Determining Number of Bits You Must Borrow to Get Needed Number of Subnets

After you focus the number of subnets you need and the number of bits you can borrow, you must figure the number of host ID bits you must borrow to get the required number of subnets. The equation for deciding the number if bits you must borrow is 2n-2= # of subnets. The n speaks to the number of bits you borrow. At the end of the day, raise two to the number’s force of bits you borrow and subtract two from that number. The outcome is the number of useable subnets made when you borrow that number of bits. For the case network, you require five subnets.
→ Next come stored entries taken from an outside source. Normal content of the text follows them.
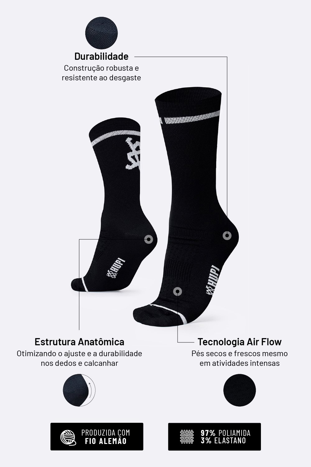 Na HUPI, cada detalhe importa. Por isso, nossas meias esportivas para corrida foram desenvolvidas com poliamida de alta qualidade e estrutura pensada para evitar bolhas, calos e desconfortos durante seus treinos e provas.
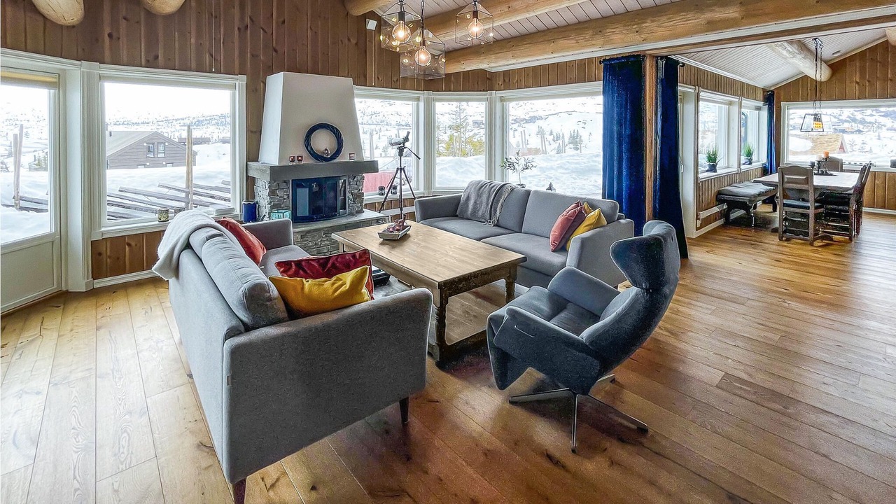 This charming holiday home offers you an ideal break in the midst of unspoilt nature. With its idyllic location by Lake Litjernan and close to Högevarde Fjellpark, it is an ideal place for those seeking relaxation and active holidaymakers alike. The tastefully furnished house impresses with its large panoramic windows, which create a light-flooded and friendly atmosphere. The open-plan living area invites you to relax with cosy sofas and a wood-burning stove, while the fully equipped kitchen offers good conditions for culinary experiences. Prepare a delicious breakfast with homemade waffles and enjoy meals at the large dining table with a wonderful view of nature.
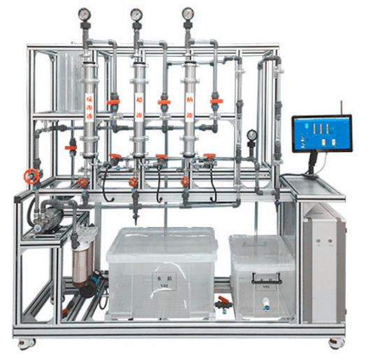 1 、 預過濾器: 20 英寸 5 μ m 粗濾器,數量 2 個。 2 、反滲透膜組件采用采用 4040 型 膜 ,膜直徑:φ 100mm ;長度: 1014mm ;脫鹽率: 95% ;最大壓力: 3.16MPa 。 采用不銹鋼壓力容器 。 3 、超 濾膜組件:聚丙烯中孔纖維,孔徑:0.01—0.3 μ m ,孔隙率:50%-55%,截留分子量:5萬,使用溫度:44℃-73℃;最大工作壓力:4Kg/cm 2 , 出水量為 60-600L/h 。 4 、納濾膜組件采用 4040 型 膜,不銹鋼外殼, 進水 pH 值 3.0 — 10 ,最高進水溫度 45-80 ℃。 采用不銹鋼壓力容器 。 5 、 微濾膜組件:塊狀炭 + 工程塑料外殼,出水量250-2500L/H,孔徑0.2μm。 6 、電導率儀測量:反滲透膜進水、出口淡水、出口濃水, 納濾膜 進水、出口淡水、出口濃水的濃度變化。共計 6 臺在線電導率儀,量程 0-1999μS/cm 。 7、 微濾膜出水流量: 管式流量計,測量范圍 6 0- 6 00L/h 。 8 、超濾膜淡水和濃水流量 : 管式流量計,測量范圍 25 - 25 0L/h 。 9 、反滲透膜淡水和濃水流量 : 管式流量計,測量范圍 16-160 L/h 。 1 0 、納濾膜 淡水和濃水流量 : 管式流量計,測量范圍 16-160 L/h 。 11 、 壓力:不銹鋼指針防震壓力表,測量范圍 0-0.6MPa 和 0-1.6MPa 。 12 、不銹鋼多級高壓離心泵:流量范圍 1.0-2.5 m 3 /h ,揚程 40-102m ,功率 0.75KW 。 13 、不銹鋼離心泵:流量范圍 0.5-3.5 m 3 /h ,揚程 16-28m ,功率 0.55KW 。 1 4 、原水槽:容積 80L ,優質 P P 材質,厚度 8mm 。 1 5 、出水槽:容積 80L ,優質 P P 材質,厚度 8mm 。 1 6 、管路:透明,壁厚≥2.0mm,透明可視材質。 1 7 、壓力開關:0~0.6MPa,低壓保護 , 延時保護 。 1 8 、電壓:380V,總功率: 2.0 kW 。 19 、 正泰電器:接觸器、帶燈開關、漏電保護空氣開關。 20 、外形尺寸: 20 00×550×2 0 00mm(長×寬×高) , 外形為可移動式設計, 帶剎車輪, 高品質鋁合金型材框架,無焊接點,安裝拆卸方便,水平調節支撐型腳輪 。 21 、工程化標識:包含設備位號、管路流向箭頭及標識、閥門位號等工程化設備理念配套,使學生處于安全的實驗操作環境中,學會工程化管路標識認知,培養學生工程化理念 。 |
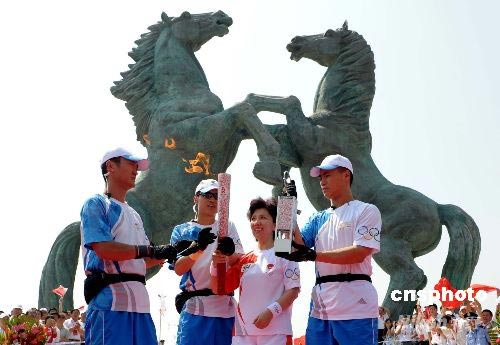 圖:奧運火炬在鄂爾多斯的傳遞結束

On the off chance that you borrow three bits, the equation’s outcome is six usable subnets 2^3 = 8-2 = 6.

Step 4:

Turning On Borrowed Bits and Determining Decimal Value

In Step 4, utilizing the bits you decided were accessible in Step 2, you turn on (set to 1) the number of bits decided you must borrow in Step 3. You should dependably start with the high-arrange bits (the bits beginning on the left of a twofold number). Utilizing the number of bits you can work with and the number of bits you must borrow (from Step 3), your outcome is the accompanying: 11100000. As it were, from the eight aggregate bits from Step 2 (six of which you could borrow), you borrow three host ID bits. In Step 4, you likewise need to focus the decimal estimation of the octets from which you borrow host ID bits.

Step 5:

Determining New Subnet Mask

Step 5 figures the new subnet mask after you borrow the host ID bits in Step 4. You must include the decimal quality from Step 4 to the default subnet mask for the class of address you are sub-netting. The case is a Class C address so the default mask is 255.255.255.0. The new mask in the wake of borrowing three bits gets to be 255.255.255.224.

 

Step 6:

Finding Host/Subnet Variable

In Step 6, you must locate the high’s least request (bits beginning from the left) turned “on.” Step 6 takes all of you the path back to prior in the section to the qualities found in every bit position inside of the octet. Our case characterizes the octets from which we borrow as 11100000. The most astounding request bit turned on speaks to 25, which approaches 32.

Step 7:

Determining Range of Addresses

The last step permits you to take the Host/Subnet variable from Step 6 (32) and make your subnet ranges. Utilizing the Class C network over, the scope of subnets when you borrow three bits are:

211.212.10.0 to 211.212.10.31

211.212.10.32 to 211.212.10.63

211.212.10.64 to 211.212.10.95

211.212.10.96 to 211.212.10.127

211.212.10.128 to 211.212.10.159

211.212.10.160 to 211.212.10.191

211.212.10.192 to 211.212.10.223

211.212.10.224 to 211.212.10.255

IP addresses can’t be all ones or all zeros; in this manner, by and large the first scope of addresses and the last scope of addresses are unusable. In some you can utilize the first scope of addresses, or subnet 0. Just sure makers’ hardware, for example, Cisco Systems, completely bolsters the utilization of subnet zero. In each subnet, the first IP address is unusable on the grounds that it speaks to the subnet ID. The last address is additionally unusable in light of the fact that it is the telecast address for the subnet. Because of these two limitations, in subnet one, 211.212.10.33 is the first useable host ID and 211.212.10.62 is the last useable host ID.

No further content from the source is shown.